THE PROBLEM
Exactly what is written in the records below should be returned, minus the images.

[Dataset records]
══════════
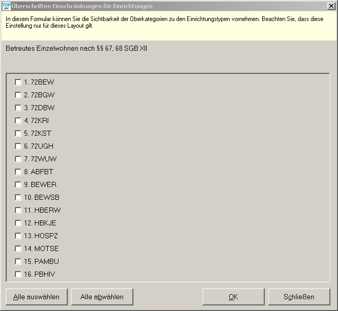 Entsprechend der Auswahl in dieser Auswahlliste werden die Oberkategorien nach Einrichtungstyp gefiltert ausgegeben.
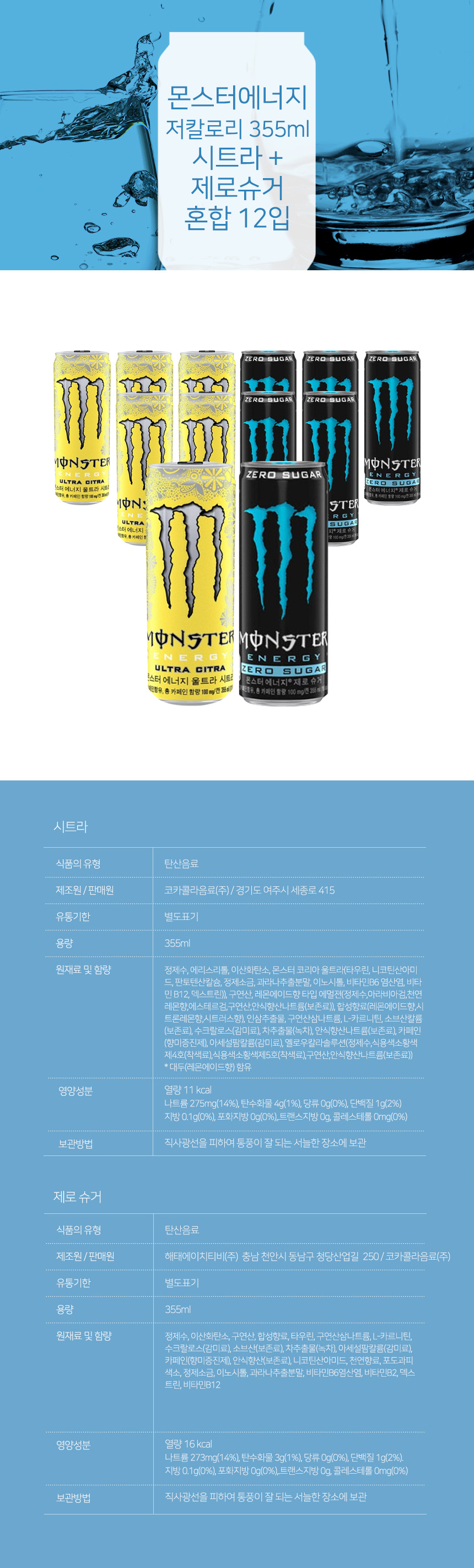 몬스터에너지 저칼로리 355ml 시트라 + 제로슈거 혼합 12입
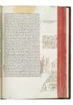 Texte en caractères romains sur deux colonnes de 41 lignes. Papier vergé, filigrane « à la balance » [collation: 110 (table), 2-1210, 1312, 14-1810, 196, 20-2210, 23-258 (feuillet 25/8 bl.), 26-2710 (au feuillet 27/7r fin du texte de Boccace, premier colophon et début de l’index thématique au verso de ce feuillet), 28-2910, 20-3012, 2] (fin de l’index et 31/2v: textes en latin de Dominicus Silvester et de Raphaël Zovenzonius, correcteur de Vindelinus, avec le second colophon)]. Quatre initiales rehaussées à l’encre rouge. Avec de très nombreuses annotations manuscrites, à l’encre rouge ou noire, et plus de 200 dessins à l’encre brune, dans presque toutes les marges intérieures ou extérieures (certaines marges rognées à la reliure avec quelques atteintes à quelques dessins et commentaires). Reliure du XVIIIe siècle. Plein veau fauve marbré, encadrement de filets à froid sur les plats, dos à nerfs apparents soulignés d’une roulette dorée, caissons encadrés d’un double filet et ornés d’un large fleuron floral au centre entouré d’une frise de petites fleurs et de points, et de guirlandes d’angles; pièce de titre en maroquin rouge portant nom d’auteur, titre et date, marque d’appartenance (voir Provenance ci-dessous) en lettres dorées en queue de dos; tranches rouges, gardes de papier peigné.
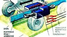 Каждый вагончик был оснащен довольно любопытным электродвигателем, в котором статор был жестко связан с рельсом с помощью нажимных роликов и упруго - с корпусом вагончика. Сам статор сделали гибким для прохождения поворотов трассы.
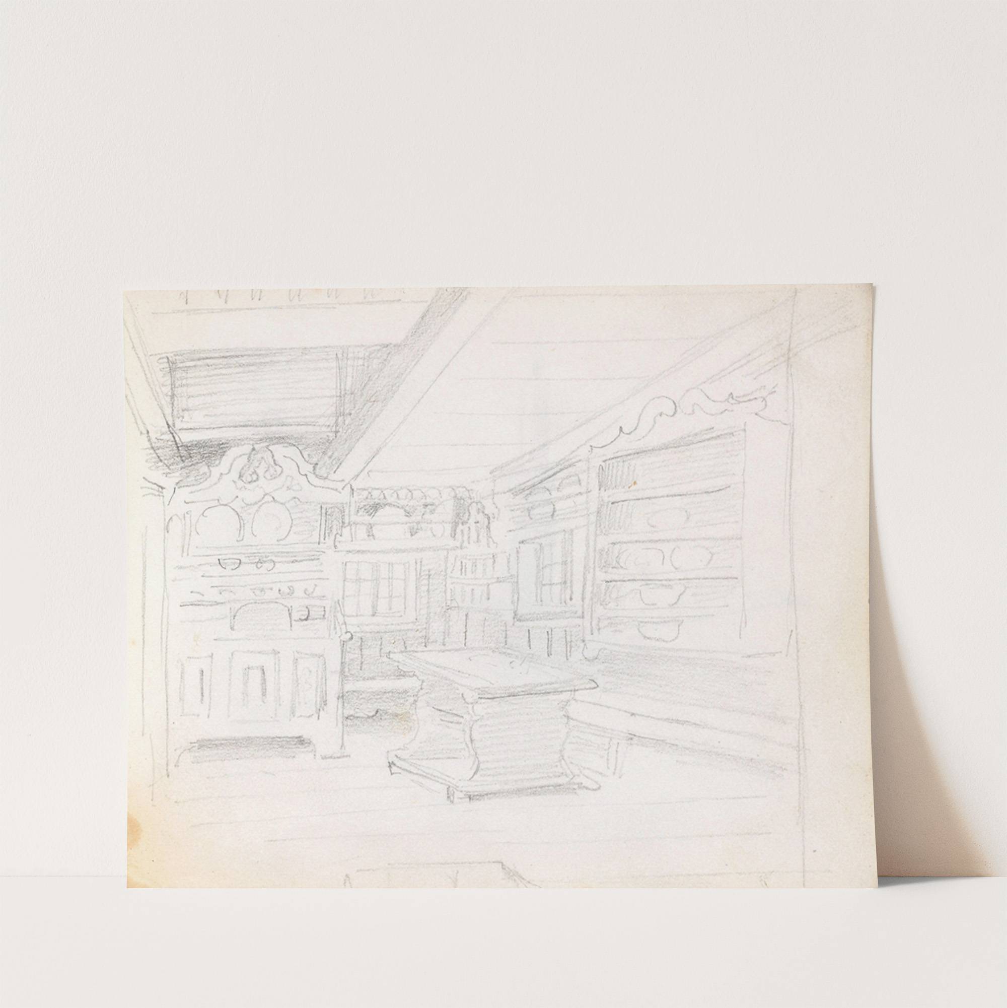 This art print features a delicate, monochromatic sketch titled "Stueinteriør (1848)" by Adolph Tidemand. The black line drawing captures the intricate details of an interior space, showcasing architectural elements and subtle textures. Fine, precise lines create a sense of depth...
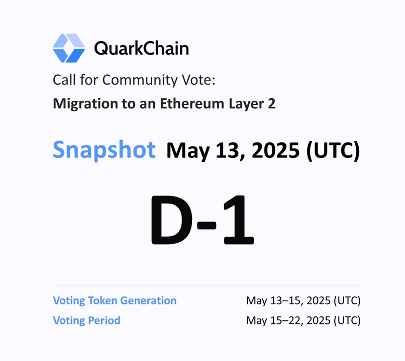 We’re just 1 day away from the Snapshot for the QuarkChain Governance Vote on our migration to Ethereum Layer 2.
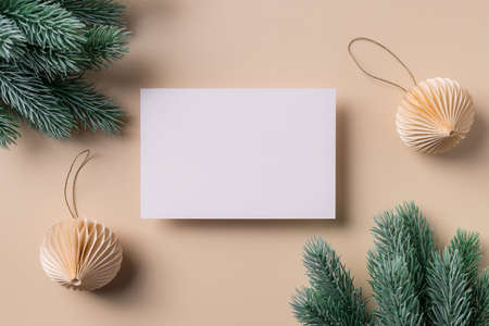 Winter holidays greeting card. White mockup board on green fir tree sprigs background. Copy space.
══════════
RESPONSE BOX
 Entsprechend der Auswahl in dieser Auswahlliste werden die Oberkategorien nach Einrichtungstyp gefiltert ausgegeben.
 몬스터에너지 저칼로리 355ml 시트라 + 제로슈거 혼합 12입
 Texte en caractères romains sur deux colonnes de 41 lignes. Papier vergé, filigrane « à la balance » [collation: 110 (table), 2-1210, 1312, 14-1810, 196, 20-2210, 23-258 (feuillet 25/8 bl.), 26-2710 (au feuillet 27/7r fin du texte de Boccace, premier colophon et début de l’index thématique au verso de ce feuillet), 28-2910, 20-3012, 2] (fin de l’index et 31/2v: textes en latin de Dominicus Silvester et de Raphaël Zovenzonius, correcteur de Vindelinus, avec le second colophon)]. Quatre initiales rehaussées à l’encre rouge. Avec de très nombreuses annotations manuscrites, à l’encre rouge ou noire, et plus de 200 dessins à l’encre brune, dans presque toutes les marges intérieures ou extérieures (certaines marges rognées à la reliure avec quelques atteintes à quelques dessins et commentaires). Reliure du XVIIIe siècle. Plein veau fauve marbré, encadrement de filets à froid sur les plats, dos à nerfs apparents soulignés d’une roulette dorée, caissons encadrés d’un double filet et ornés d’un large fleuron floral au centre entouré d’une frise de petites fleurs et de points, et de guirlandes d’angles; pièce de titre en maroquin rouge portant nom d’auteur, titre et date, marque d’appartenance (voir Provenance ci-dessous) en lettres dorées en queue de dos; tranches rouges, gardes de papier peigné.
 Каждый вагончик был оснащен довольно любопытным электродвигателем, в котором статор был жестко связан с рельсом с помощью нажимных роликов и упруго - с корпусом вагончика. Сам статор сделали гибким для прохождения поворотов трассы.
 This art print features a delicate, monochromatic sketch titled "Stueinteriør (1848)" by Adolph Tidemand. The black line drawing captures the intricate details of an interior space, showcasing architectural elements and subtle textures. Fine, precise lines create a sense of depth...
 We’re just 1 day away from the Snapshot for the QuarkChain Governance Vote on our migration to Ethereum Layer 2.
 Winter holidays greeting card. White mockup board on green fir tree sprigs background. Copy space.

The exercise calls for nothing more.